Installing Beautiful Soup

The first step is to install Beautiful Soup. You can do this with pip:

pip install beautifulsoup4

This will grab the latest version of Beautiful Soup and its dependencies.

Parsing HTML with BeautifulSoup

Now that Beautiful Soup is installed, we can start parsing HTML. To create a BeautifulSoup object, you need to pass in some HTML content and specify the parser to use.

Common parsers include 'html.parser', 'lxml', and 'html5lib'. Here's an example:

from bs4 import BeautifulSoup

html = """
<html>
<head><title>Page Title</title></head> 
<body>
<p>This is a paragraph.</p>
<p>This is another paragraph.</p>
</body>
</html>
"""

soup = BeautifulSoup(html, 'html.parser')

Now the HTML is stored in a BeautifulSoup object called 'soup' that we can query.

BeautifulSoup represents the HTML document as a parse tree that can be traversed and searched.

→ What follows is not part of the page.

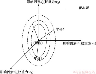 靶心即为历年能源需求量影响因素测度中所反映的理想状态下的极限(最小或最大)能源需求量灰色效果测度向量。年份i的能源需求影响因素灰色效果测度向量

Common navigation methods include:

  • soup.title - Get the <title> element
  • soup.head - Get the <head> element
  • soup.body - Get the <body> element
  • soup.p - Get all <p> elements
  • soup.find_all('p') - Get a list of all <p> tags

We can also navigate relationships like:

  • soup.head.title
  • soup.body.p

These return Tag objects that contain the parsed element.

Extracting Data from Tags

Now that we have Tag objects, we can extract useful data from them:

  • tag.name - Tag name as a string
  • tag.text - Tag contents as a NavigableString
  • tag['id'] - Value of id attribute
  • tag.attrs - Dictionary of all attributes